The optimal solution should be the one using pseudo-polynomial algorithm for the partition problem. Hope this is correct:

def is_magic(seq, magic_number):
    # sum(seq) = sum_pos + sum_neg
    # if there is a solution:
    # sum_positive - sum_negative = magic_namber
    # Therefore, the task can be formulated as looking for a subset of seq such that:
    # sum_neg = (sum(seq) - magic_number)/2

    check_list = seq[1:]  # The first element of seq cannot be negative
    tmp = sum(seq) - magic_number
    if tmp % 2 != 0 or tmp < 0:
        return False

    # pseudo-polynomial algorithm for the partition problem
    target = tmp // 2
    n = len(check_list)
    table = np.zeros((target + 1, n + 1), dtype=bool)
    table[0, :] = True
    for i in range(1, target + 1):  # O(target)
        for j in range(1, n + 1):  # O(N)
            if i - check_list[j - 1] >= 0:
                table[i, j] = table[i, j - 1] or table[i - check_list[j - 1], j - 1]
            else:
                table[i, j] = table[i, j - 1]

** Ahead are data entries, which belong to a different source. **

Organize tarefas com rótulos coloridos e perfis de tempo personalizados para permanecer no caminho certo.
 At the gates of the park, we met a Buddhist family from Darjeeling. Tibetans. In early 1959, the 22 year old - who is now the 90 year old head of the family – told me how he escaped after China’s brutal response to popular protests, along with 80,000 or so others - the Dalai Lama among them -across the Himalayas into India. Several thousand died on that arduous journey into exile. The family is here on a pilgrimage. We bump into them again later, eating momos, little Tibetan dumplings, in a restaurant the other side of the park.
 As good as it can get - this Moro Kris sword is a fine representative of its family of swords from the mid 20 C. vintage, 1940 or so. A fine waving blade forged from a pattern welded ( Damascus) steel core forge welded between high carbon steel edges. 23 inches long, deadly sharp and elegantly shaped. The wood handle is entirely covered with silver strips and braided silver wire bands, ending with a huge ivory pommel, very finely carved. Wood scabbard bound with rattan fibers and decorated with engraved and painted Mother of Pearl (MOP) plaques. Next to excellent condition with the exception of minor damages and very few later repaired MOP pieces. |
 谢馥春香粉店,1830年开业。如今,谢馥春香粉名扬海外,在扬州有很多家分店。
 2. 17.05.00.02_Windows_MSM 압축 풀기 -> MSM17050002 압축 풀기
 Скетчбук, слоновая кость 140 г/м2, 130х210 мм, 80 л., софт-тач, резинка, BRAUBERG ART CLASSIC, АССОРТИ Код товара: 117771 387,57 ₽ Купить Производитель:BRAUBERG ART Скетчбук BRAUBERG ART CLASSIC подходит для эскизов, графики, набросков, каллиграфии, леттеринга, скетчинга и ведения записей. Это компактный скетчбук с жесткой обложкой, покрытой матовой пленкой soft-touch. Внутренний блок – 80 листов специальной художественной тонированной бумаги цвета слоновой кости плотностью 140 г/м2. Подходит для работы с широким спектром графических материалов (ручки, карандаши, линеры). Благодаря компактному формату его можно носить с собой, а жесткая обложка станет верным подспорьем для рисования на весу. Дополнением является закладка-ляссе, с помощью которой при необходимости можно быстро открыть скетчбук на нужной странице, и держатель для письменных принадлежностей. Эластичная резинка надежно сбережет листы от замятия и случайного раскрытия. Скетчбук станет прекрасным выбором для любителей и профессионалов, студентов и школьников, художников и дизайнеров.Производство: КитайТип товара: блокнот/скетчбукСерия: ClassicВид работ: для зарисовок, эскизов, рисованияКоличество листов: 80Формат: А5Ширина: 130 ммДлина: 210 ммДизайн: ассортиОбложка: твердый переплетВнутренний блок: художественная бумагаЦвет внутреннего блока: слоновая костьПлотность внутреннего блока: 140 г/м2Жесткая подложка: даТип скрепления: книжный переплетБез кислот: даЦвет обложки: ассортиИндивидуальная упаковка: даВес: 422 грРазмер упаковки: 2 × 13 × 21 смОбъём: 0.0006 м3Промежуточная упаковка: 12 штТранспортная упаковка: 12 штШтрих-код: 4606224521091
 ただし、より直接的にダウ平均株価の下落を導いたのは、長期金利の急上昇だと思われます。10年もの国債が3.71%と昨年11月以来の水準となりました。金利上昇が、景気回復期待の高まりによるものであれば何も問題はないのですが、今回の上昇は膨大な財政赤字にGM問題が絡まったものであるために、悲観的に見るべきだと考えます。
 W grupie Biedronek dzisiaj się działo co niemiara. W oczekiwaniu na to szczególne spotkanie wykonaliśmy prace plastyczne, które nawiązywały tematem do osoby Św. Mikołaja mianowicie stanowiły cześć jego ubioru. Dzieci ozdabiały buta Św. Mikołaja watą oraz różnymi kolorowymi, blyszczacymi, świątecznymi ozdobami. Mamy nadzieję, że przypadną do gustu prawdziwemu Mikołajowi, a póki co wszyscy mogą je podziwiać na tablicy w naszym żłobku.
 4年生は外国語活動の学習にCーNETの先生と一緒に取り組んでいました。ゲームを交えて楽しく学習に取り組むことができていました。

    return table[target, n]

Java code ?

I would suggest doing something like this...
1 send the ans, arr, index and current ans recursively
2 the good thing about using recursion is it reduces complexity of the idea
3 using OR '|' operator ensures that the program does not compute
through all combinations since it greedily returns true if it encounters a true
midway without processing the rest of the code

private static boolean isMgic(int ans, int[] arr)
{
    return isMgic(ans, arr, 0, 0);
}

private static boolean isMgic(int ans, int[] arr, int index, int tmp)
{
    if (arr.length > index)
        return (isMgic(ans, arr, index + 1, tmp + arr[index])
                | isMgic(ans, arr, index + 1, tmp - arr[index]));
    if (ans == tmp)
        return true;
    return false;
}

I came up with this:

def is_magic(seq, magic_number):
    # sum(seq) = sum_pos + sum_neg
    # if there is a solution:
    # sum_positive - sum_negative = magic_namber
    # Therefore, the task can be formulated as looking for a subset of seq such that:
    # sum_neg = (sum(seq) - magic_number)/2

    check_list = seq[1:]  # The first element of seq cannot be negative
    tmp = sum(seq) - magic_number
    if tmp % 2 != 0 or tmp < 0:
        return False

    # pseudo-polynomial algorithm see wikipedia Partition_problem
    target = tmp // 2
    n = len(check_list)
    table = np.zeros((target + 1, n + 1), dtype=bool)
    table[0, :] = True
    for i in range(1, target + 1):  # O(target)
        for j in range(n):  # O(N)
            if i - check_list[j] >= 0:
                table[i, j + 1] = table[i, j] or table[i - check_list[j], j]
            else:
                table[i, j + 1] = table[i, j]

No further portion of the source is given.